It should be noted that the reactant 2 of the present invention may also include only the second composite material composed of the boron-containing reactant described above, wherein the second composite absorbs protons and emits alpha particles or gamma rays.

Next, referring to FIG. 3, a schematic diagram of spot scanning of the target biological tissue 1 by the proton beam 4 according to an embodiment of the present invention. In order to illuminate the proton beam 4 irradiated from a certain direction on the target biological tissue 1, the present embodiment adopts the spot scanning irradiation as shown in FIG. 3; when performing the point scanning irradiation, the target biological tissue 1 is first The Z-axis direction is cut into a plurality of planes. Obviously, each cut plane layer is parallel to the X-axis and the Y-axis. The proton beam 4 is adjusted in intensity so that the depth of illumination is fixed on one of the plane layers, and then along X. The axis and the Y axis move, And presenting an illumination path such as an illumination direction 5, after a planar layer is completely irradiated, and then adjusting the intensity and irradiating the next planar layer; according to the above illumination mode, the present invention allows the proton beam 4 to be uniformly irradiated on each target tissue 1 In one place, but this is only a preferred embodiment of the irradiation of the proton beam 4, the present invention is not limited to the way in which the proton beam 4 irradiates the target biological tissue 1 in a passive scanning or an active scanning. Passive scanning increases the range of illumination by protons of different energies by scattering; then, in order to conform to the shape of the tumor, a second collimator is used for scattering, and finally the beam is adjusted to conform to the tumor with a compensator shape. Active scanning uses protons of different energies to regulate their sweep position with magnets for therapeutic purposes; there are two main ways of scanning: Continuous Scanning and Spot Scanning, both of which are mainly The difference is that there is no time interval between points and points of continuous scanning, while the interval scanning is a very short interval between points to scan. Additionally, the proton beam 4 of the present invention may be issued by a synchrotron or cyclotron.

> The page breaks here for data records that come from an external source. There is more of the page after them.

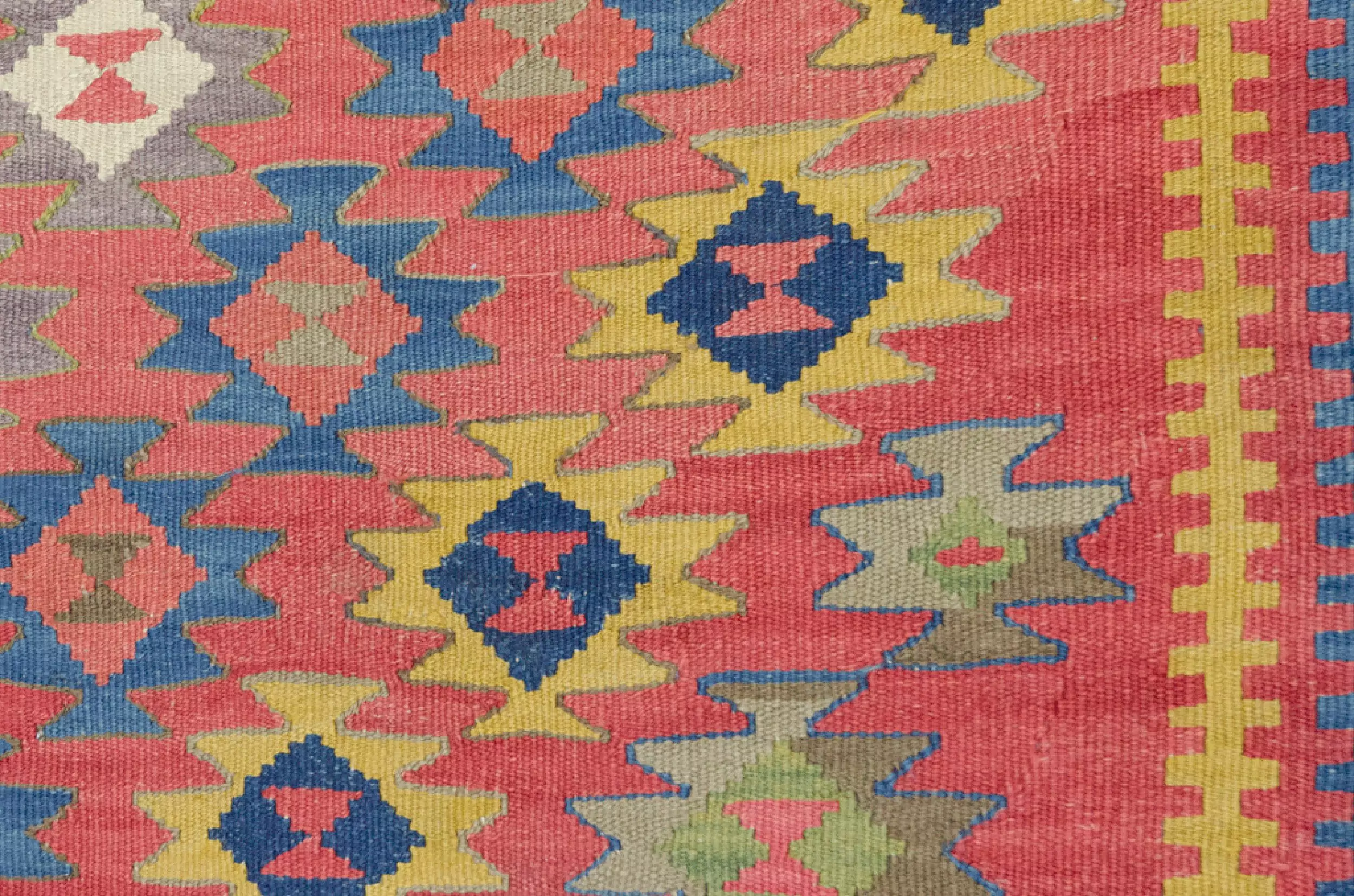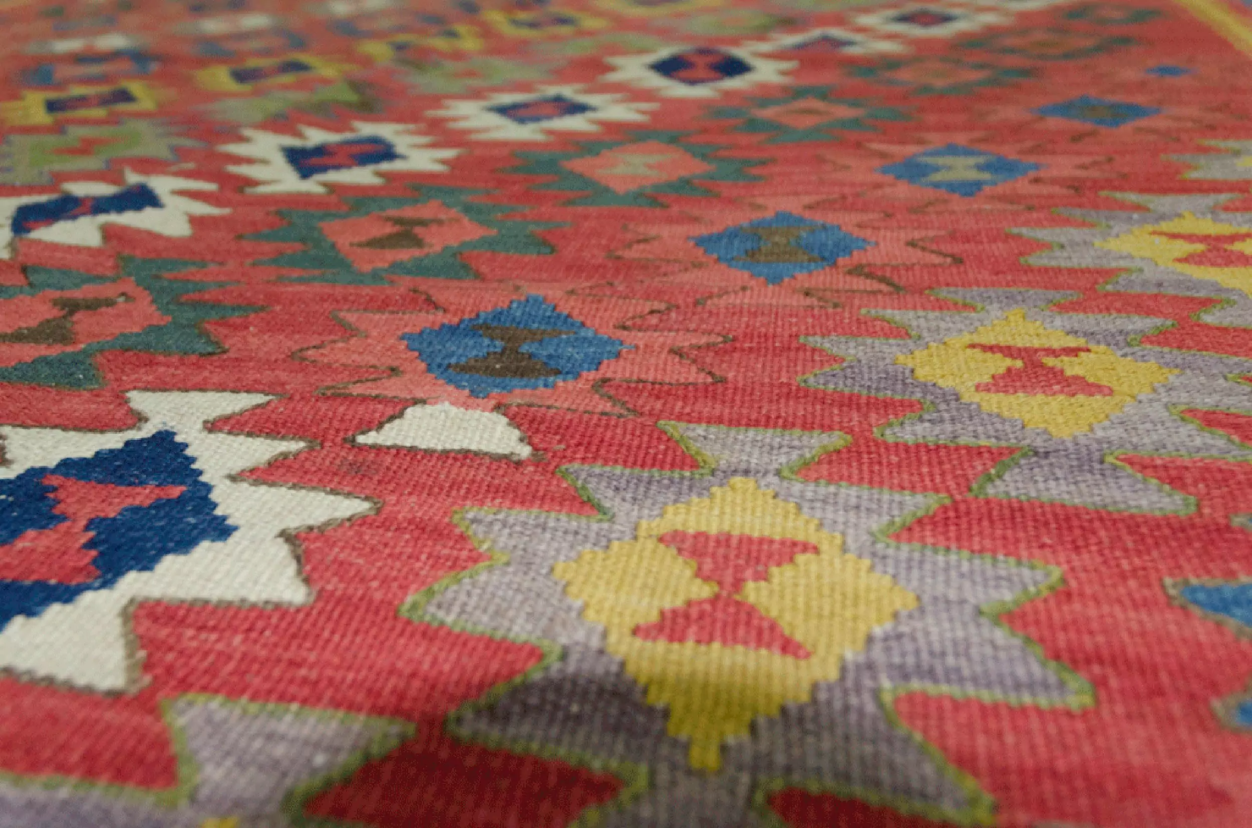 The kilim features a warm soft red ground that acts as a harmonious backdrop for a series of intricate star motifs, rendered in vivid shades of blue, yellow, and green. These colours pop against the red field, producing a striking visual contrast that captivates the eye without overwhelming the senses.
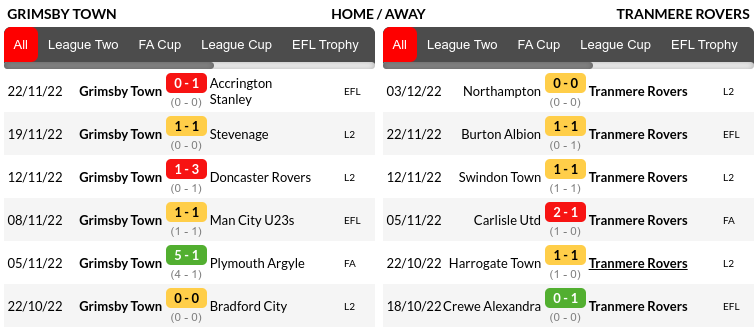 - Tranmere have won three of the last five meeting with Grimsby having one to their name.
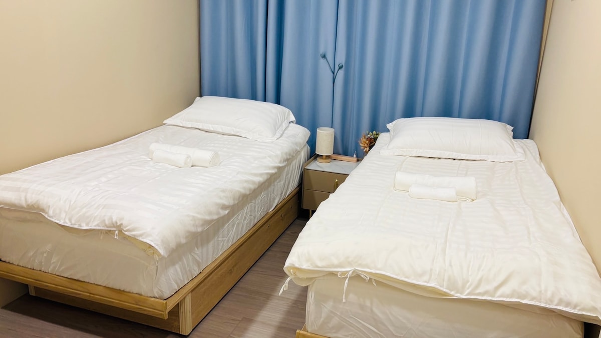 Exquisitamente decorado y cómodo, fácil de usar, espero darte las comodidades de un hogar🌸✨ Transporte conveniente, el tren de alta velocidad de Taoyuan y el aeropuerto A18 están a pocos pasos. Tiempo de caminata: IKEA: a🚶 unos 5 minutos. Estación de tren de alta velocidad de Taoyuan:🚶 unos 10 minutos Huatai Outlet: a🚶 unos 12 minutos Descripción del alojamiento: dos dormitorios más una sala de estar, barra de cocina, perfecto para una familia, amigos para cocinar juntos La casa tiene un balcón trasero con buenas vistas y buena iluminación Hay dos habitaciones y un baño. Hay un espacio de estacionamiento plano con un límite de altura de 2,1 metros, y también hay un espacio de estacionamiento para motocicletas ⚠️Nota: Hay dos dormitorios en la propiedad, Sin embargo, cuando el número de huéspedes sea 1, solo una habitación estará disponible y la otra estará cerrada. 2-4 personas, ambas habitaciones estarán abiertas El precio para 2, 3, 4 personas es diferente, los usuarios pagan, si no puedes aceptar, no reserves (más una habitación + TWD 800 $) Toda la casa, la sala de estar y la cocina son privadas y no se compartirán con otras personas. No podemos alojar a huéspedes que solo puedan hacer el check-in después de las 10:00 p. m. Damos la bienvenida personalmente a cada huésped para que se registre debido a problemas de seguridad y normativos, por lo que te preguntaremos sobre la hora de llegada cuando reserves y no podemos aceptar ningún cambio. No reserves si no puedes alojarte. Edificio nuevo, algunas casas no se han completado, el ascensor tiene capas antiarañazos y anticolisiones, el vestíbulo del ascensor puede tener escombros. 🙅🏻♀️Si no puedes aceptar ninguna reservación El límite de ocupación de una sola propiedad es de 4 personas. Si son más de 4 personas, consulta en privado
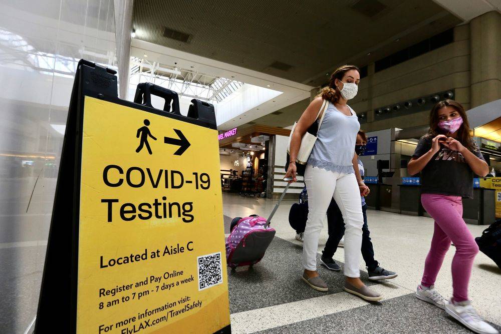 ▲7月18日,佩戴口罩的旅客走过美国洛杉矶国际机场内的一块新冠检测告示牌。新华社发
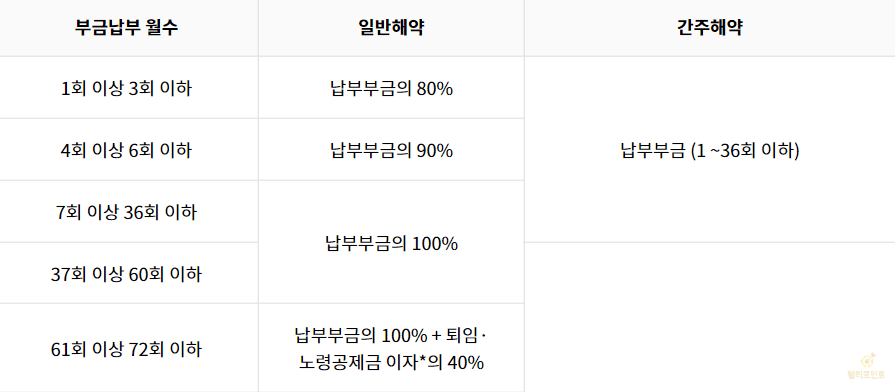 노란우산공제의 단점이라고 한다면 계약된 대로 정상적인 사업의 폐업과 관련되어 돈을 환급받는 것이 아니라, 자유의사에 따른 계약 해지나 돈을 제대로 납부하지 않아서 발생하는 강제해약시에는 해약금을 물어내야 한다는 것입니다. 그래서 부금납부 월수에 따라서 조기 해약시 원금손실이 발생할 수 있다는 것이 노란우산공제의 가장 큰 단점이라고 할 수 있습니다.
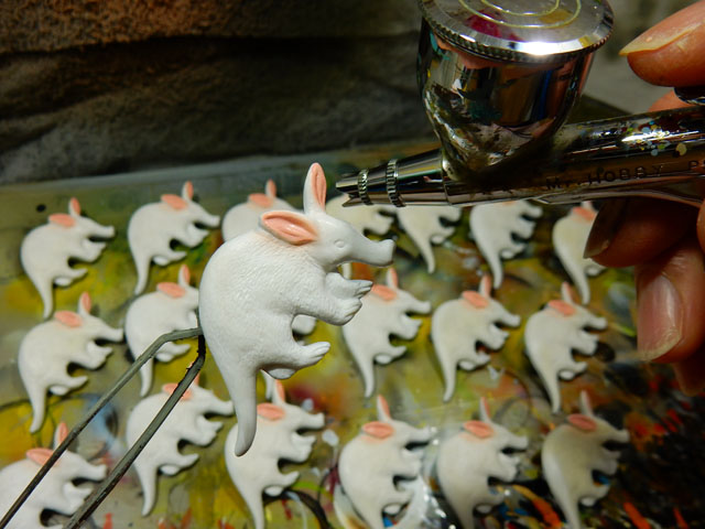近所のあちらこちらで、水仙の様々な品種の花をよく見かけるようになりました♪ 写真は雑木林の外れの梅林で見かけたラッパスイセンです。・°・。ブローチ作品の方は塗装段階へと進みました。写真はツチブタの耳の中のピンク色を、エアブラシで吹き付け塗装しているところです。白い身体にピンクの耳の色だけの状態だと、豚というよりまるでウサギのようです(^^) 連日の過密スケジュールでここ数日疲労感が蓄積しております。。先日のイベントで聴いた さかなクンのお話によると、カツオにはアンセリンというアミノ酸の一種が含まれていて、疲労回復効果があるそうですが、確かにカツオをいただいた後には、すっきりと疲労感が和らぐような気もしておりました。・°・。閉店間際のスーパーでたたきなどをゲットした時には、写真のように生姜醤油漬けにして翌日いただくのも好きです(⌒‐⌒)♪ アトリエ☆イボヤギ 木村大介
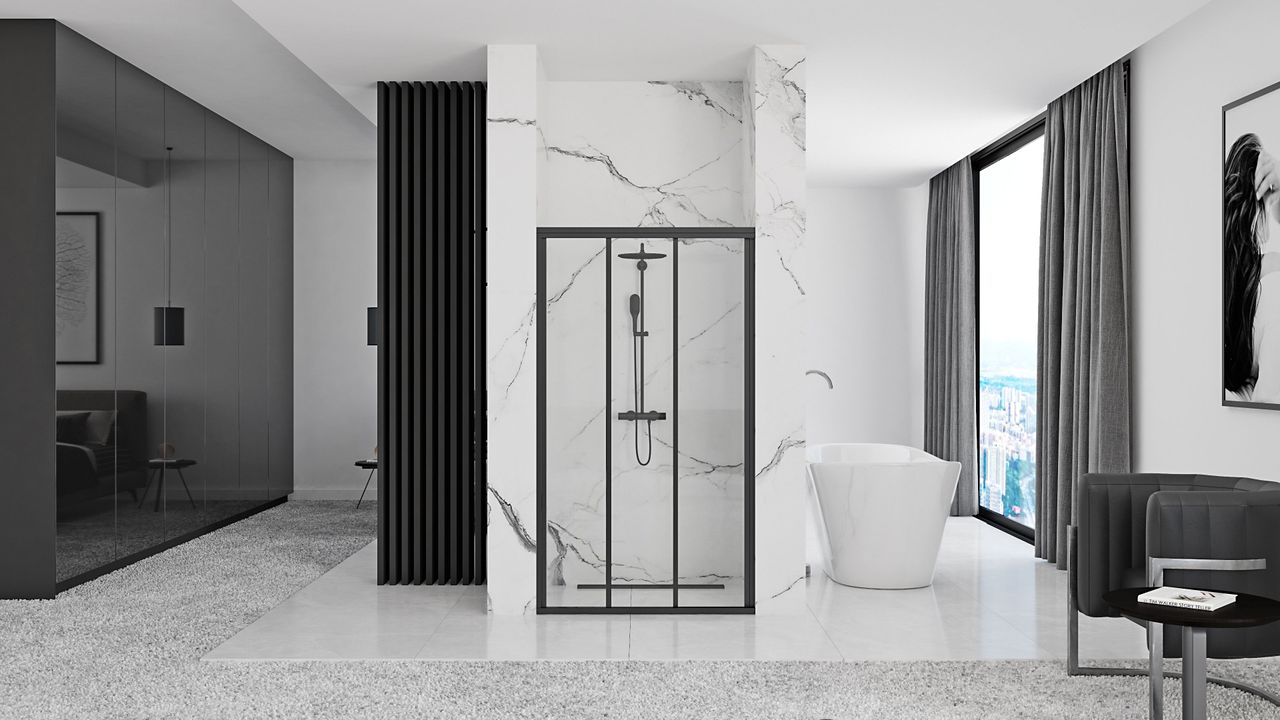 Sliding doors do not take up much space, which is why they are especially recommended for owners of small bathrooms. This type of model is very popular. When opening them, you also do not have to worry about them snagging on other fittings. Another important advantage is the ease of cleaning. The sashes slide on guides. This, in turn, translates into a lower risk of mechanical damage, compared to hinged models. The Rea Alex Black door is also distinguished by its quiet and smooth operation, making it a pleasure to use. The entire unit consists of one fixed and two sliding elements. The target door direction is right-handed. In order to change the direction of the door to the left-hand side, the vertical profiles in the sliding element with the protruding handle strip must be unscrewed and moved to the other side of the glass. If you choose the presented model, you can count on easy installation. A set of gaskets is also included.
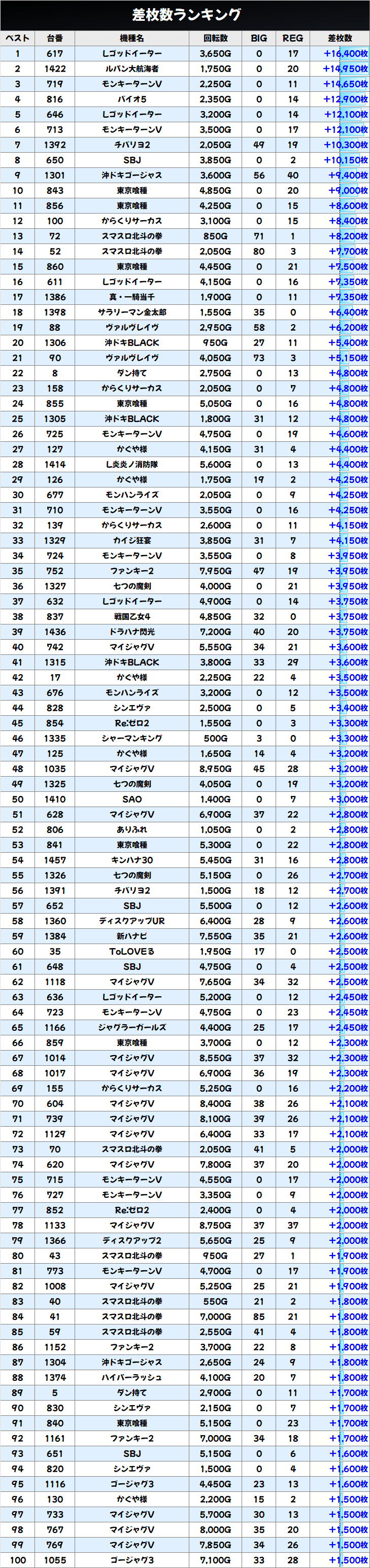 各機種の優秀台をピックアップしていきますので、データをチェックしてみましょう!

As shown in FIG. 4, the present embodiment is a method for providing a reactant 2 and treating a target biological tissue containing the reactant 2 with a proton beam; the reactant 2 of the embodiment comprises a first composite and a second composite; Wherein, the first complex comprises, but is not limited to, lithium 7 ( ⁷ Li) or 铍 9 ( ⁹ Be); the second complex includes, but is not limited to, saccharide derivative of BPA, BSH, BSH containing boron 10 ( ¹⁰ B) , GB-10, D-CDU, N5-2OH, H2DCP, DEQ-B, trimethyl hydrazine derivative, aziridine derivative, acridine, phenanthridine, carbonyl polyamine, platinum (II)-amine Complex, dibenzo, tribenzimidazole, glucose molecule, mannose molecule, ribose molecule, gulose molecule, fucose molecule, galactose molecule, maltose molecule, lactose molecule, phosphate, phosphate, phenyl Reactants such as urea, thiourea, nitroimidazoles, amines, benzamides, isocyanates, nicotinamide or hydrazine. The steps of this embodiment are as follows:

Step 201: directing the reactant 2 to the target biological tissue 1, and distributing the reactant 2 in the target biological tissue 1, as shown in FIG. 1; the reactant 2 may be introduced into the target biological tissue through a catheter 3 1; As shown in Fig. 2, the catheter 3 can be introduced into the human body via a venous blood vessel and reach the target biological tissue 1 to guide the reactant 2 to the target biological tissue 1 in the human body.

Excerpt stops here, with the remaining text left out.